Each superintendent had five minutes each to make their case to the Board. All of them said they were guided by science and the state constitution, which gives locally-elected school boards the power to regulate their own schools. 

The state says the Parents Bill of Rights law, along with an order from the state’s new surgeon general, compel school districts to allow parents to decide whether their children need to wear masks in schools. 

“Miami-Dade is committed to parent choice and to parents rights, but we recognize with rights come responsibilities, a responsibility to each other; Florida law allows parents to make decisions about their own child, but does not afford the right to harm another,” Miami-Dade Superintendent Alberto Carvalho told the Board. “We know that masks reduce viral spread, those who say otherwise are misinformed or misguided.”

Carvalho said his district will continue to follow CDC guidelines, as did Broward superintendent, Dr.
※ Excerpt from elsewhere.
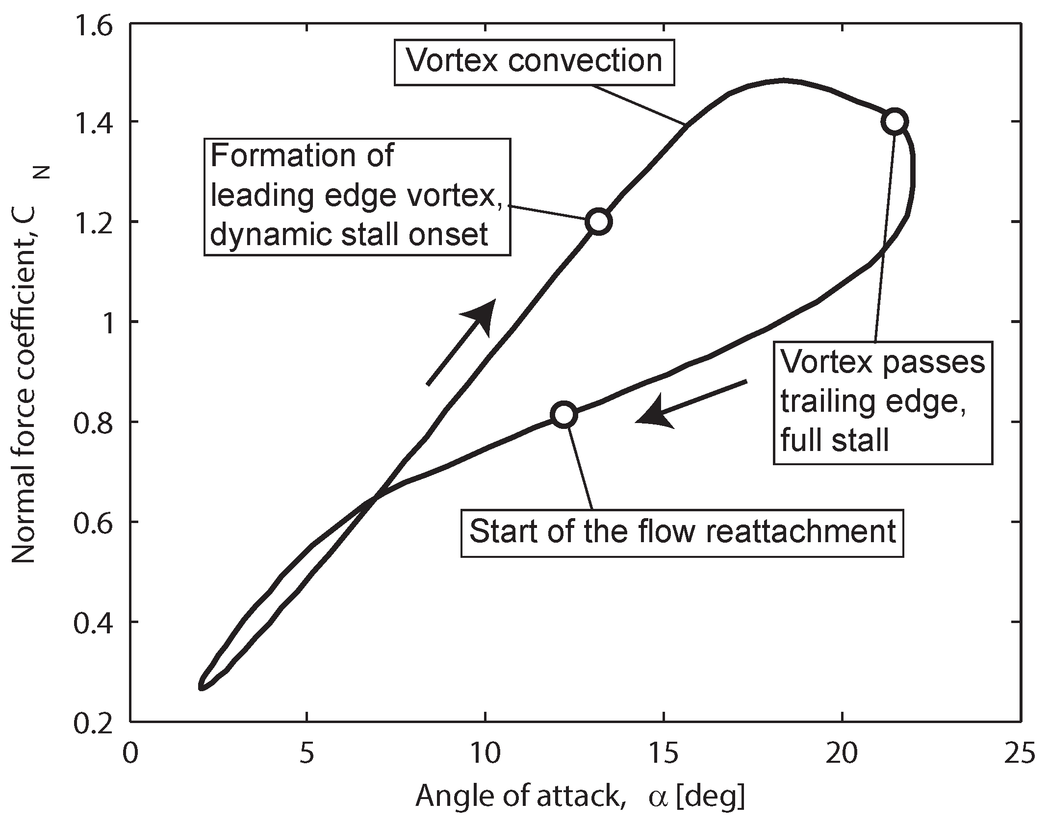 An example of the force response during the pitching motion of an airfoil is shown in Figure 7, and the features mentioned above are noted. The tangential force coefficient needs to be estimated in order to find the lift and drag coefficients. The calculation of is based on Kirchhoff’s approximation, and the dynamic separation point is used:

Vickie Cartwright, who said her school board mandated masks to follow the state’s directive to keep as many kids healthy and in school as possible. 

“The district actions referenced in your letter received October 4th were taken with the explicit purpose of mitigating the spread of Covid19 cases in our schools and preventing unnecessary removal of students from our schools because of positive cases,” Cartwright said. “It is worth noting that the Parents Bill of Rights does not grant rule-making authority to the Department of Health nor the Department of Education, it is also important to note it does not give unfettered rights to the parents.”

Earlier in the day, Florida Secretary of Agriculture Nikki Fried weighed in on this issue. 

“Ron DeSantis is lying to you about masks in schools,” Fried said in a virtual news conference.

Fried said her office compiled COVID-19 case data which she claims the governor has been trying to keep hidden. 

“We found four times more kids per capita got COVID-19 in school districts without mask requirements than school districts that required masks,” Fried said, going over various data points.

In response, Governor DeSantis’ spokesperson, Christina Pushaw, sent us a statement that says in part, “Conducting research on infectious diseases is not the competence of the agriculture commissioner… DOH data on pediatric case rates in different counties shows no significant difference between forced masking and mask optional districts…”

The Department of Health issued a news release saying Fried’s analysis is skewed and unscientific, calling it “misinformation.”

Fried said the DeSantis administration is punishing school districts for political reasons. The state will now defund each of the eight school districts by the combined amount of the school board members’ salaries in each district. 

That process already started in Broward, and the Biden Administration reimburse Broward County Public Schools by the same amount. Corcoran called that “egregious” and said if it happens again, the state will penalize the receiving district by the same amount of money.

None of the sanctioned districts said they will change their COVID-19 protocols.